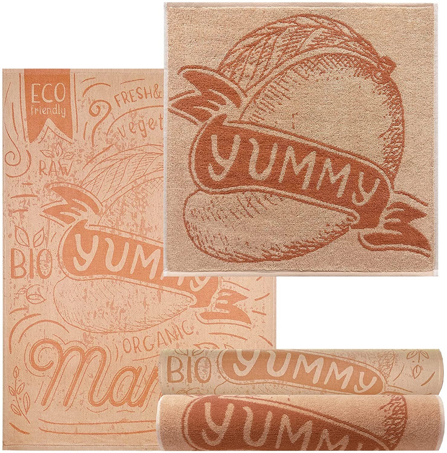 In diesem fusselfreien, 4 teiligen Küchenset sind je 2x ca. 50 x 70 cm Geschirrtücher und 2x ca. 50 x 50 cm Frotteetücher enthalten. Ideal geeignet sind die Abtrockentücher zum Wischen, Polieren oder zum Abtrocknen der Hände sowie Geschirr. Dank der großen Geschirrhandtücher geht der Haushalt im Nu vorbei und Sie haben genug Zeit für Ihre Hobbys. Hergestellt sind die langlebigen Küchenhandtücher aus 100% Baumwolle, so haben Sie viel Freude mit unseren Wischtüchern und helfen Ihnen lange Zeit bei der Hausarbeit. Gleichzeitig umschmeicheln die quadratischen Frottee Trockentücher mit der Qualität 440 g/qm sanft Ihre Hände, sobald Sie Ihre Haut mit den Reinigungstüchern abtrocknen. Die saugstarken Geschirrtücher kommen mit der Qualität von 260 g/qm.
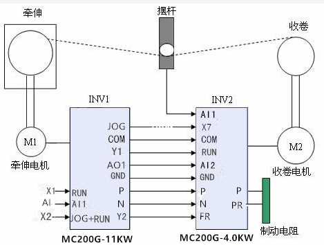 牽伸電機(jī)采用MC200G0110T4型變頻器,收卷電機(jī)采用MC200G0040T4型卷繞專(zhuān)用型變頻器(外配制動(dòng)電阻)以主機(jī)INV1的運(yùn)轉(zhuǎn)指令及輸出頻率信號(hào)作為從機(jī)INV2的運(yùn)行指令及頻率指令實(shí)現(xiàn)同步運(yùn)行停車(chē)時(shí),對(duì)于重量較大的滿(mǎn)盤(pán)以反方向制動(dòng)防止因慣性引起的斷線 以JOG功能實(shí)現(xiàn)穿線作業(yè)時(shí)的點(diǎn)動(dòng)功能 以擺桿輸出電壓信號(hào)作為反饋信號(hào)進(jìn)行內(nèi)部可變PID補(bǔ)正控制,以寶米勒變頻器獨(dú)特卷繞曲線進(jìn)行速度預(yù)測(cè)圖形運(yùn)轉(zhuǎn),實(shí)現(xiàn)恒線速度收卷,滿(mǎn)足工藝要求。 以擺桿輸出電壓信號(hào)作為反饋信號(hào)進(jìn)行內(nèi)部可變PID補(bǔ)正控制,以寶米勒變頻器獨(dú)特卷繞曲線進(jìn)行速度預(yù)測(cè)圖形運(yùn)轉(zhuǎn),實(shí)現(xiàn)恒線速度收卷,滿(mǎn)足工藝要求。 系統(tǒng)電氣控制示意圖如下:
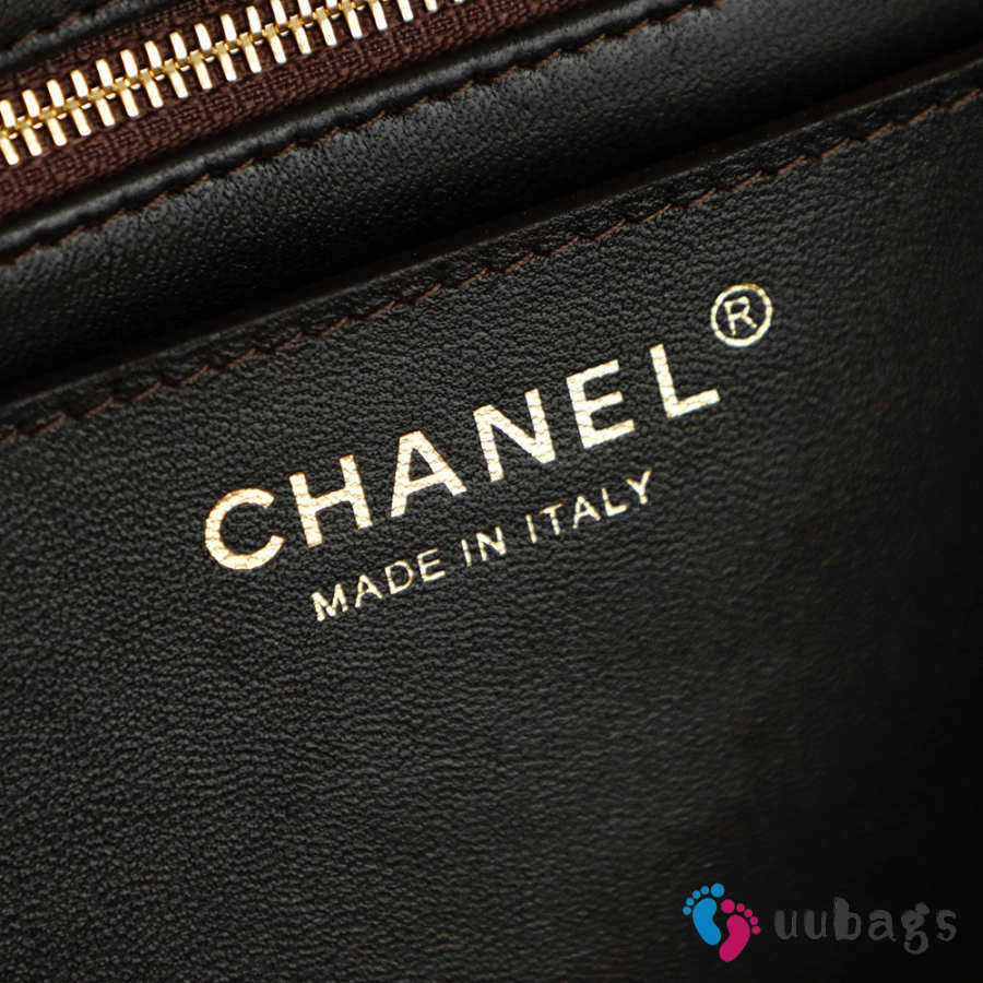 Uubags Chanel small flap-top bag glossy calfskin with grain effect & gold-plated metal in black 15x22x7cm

* * * *

- [DESCRIPTION OF THE TASK]: Output the listing above in full, exactly. No images.

- [OUTPUT BELOW]:
 In diesem fusselfreien, 4 teiligen Küchenset sind je 2x ca. 50 x 70 cm Geschirrtücher und 2x ca. 50 x 50 cm Frotteetücher enthalten. Ideal geeignet sind die Abtrockentücher zum Wischen, Polieren oder zum Abtrocknen der Hände sowie Geschirr. Dank der großen Geschirrhandtücher geht der Haushalt im Nu vorbei und Sie haben genug Zeit für Ihre Hobbys. Hergestellt sind die langlebigen Küchenhandtücher aus 100% Baumwolle, so haben Sie viel Freude mit unseren Wischtüchern und helfen Ihnen lange Zeit bei der Hausarbeit. Gleichzeitig umschmeicheln die quadratischen Frottee Trockentücher mit der Qualität 440 g/qm sanft Ihre Hände, sobald Sie Ihre Haut mit den Reinigungstüchern abtrocknen. Die saugstarken Geschirrtücher kommen mit der Qualität von 260 g/qm.
 牽伸電機(jī)采用MC200G0110T4型變頻器,收卷電機(jī)采用MC200G0040T4型卷繞專(zhuān)用型變頻器(外配制動(dòng)電阻)以主機(jī)INV1的運(yùn)轉(zhuǎn)指令及輸出頻率信號(hào)作為從機(jī)INV2的運(yùn)行指令及頻率指令實(shí)現(xiàn)同步運(yùn)行停車(chē)時(shí),對(duì)于重量較大的滿(mǎn)盤(pán)以反方向制動(dòng)防止因慣性引起的斷線 以JOG功能實(shí)現(xiàn)穿線作業(yè)時(shí)的點(diǎn)動(dòng)功能 以擺桿輸出電壓信號(hào)作為反饋信號(hào)進(jìn)行內(nèi)部可變PID補(bǔ)正控制,以寶米勒變頻器獨(dú)特卷繞曲線進(jìn)行速度預(yù)測(cè)圖形運(yùn)轉(zhuǎn),實(shí)現(xiàn)恒線速度收卷,滿(mǎn)足工藝要求。 以擺桿輸出電壓信號(hào)作為反饋信號(hào)進(jìn)行內(nèi)部可變PID補(bǔ)正控制,以寶米勒變頻器獨(dú)特卷繞曲線進(jìn)行速度預(yù)測(cè)圖形運(yùn)轉(zhuǎn),實(shí)現(xiàn)恒線速度收卷,滿(mǎn)足工藝要求。 系統(tǒng)電氣控制示意圖如下:
 Uubags Chanel small flap-top bag glossy calfskin with grain effect & gold-plated metal in black 15x22x7cm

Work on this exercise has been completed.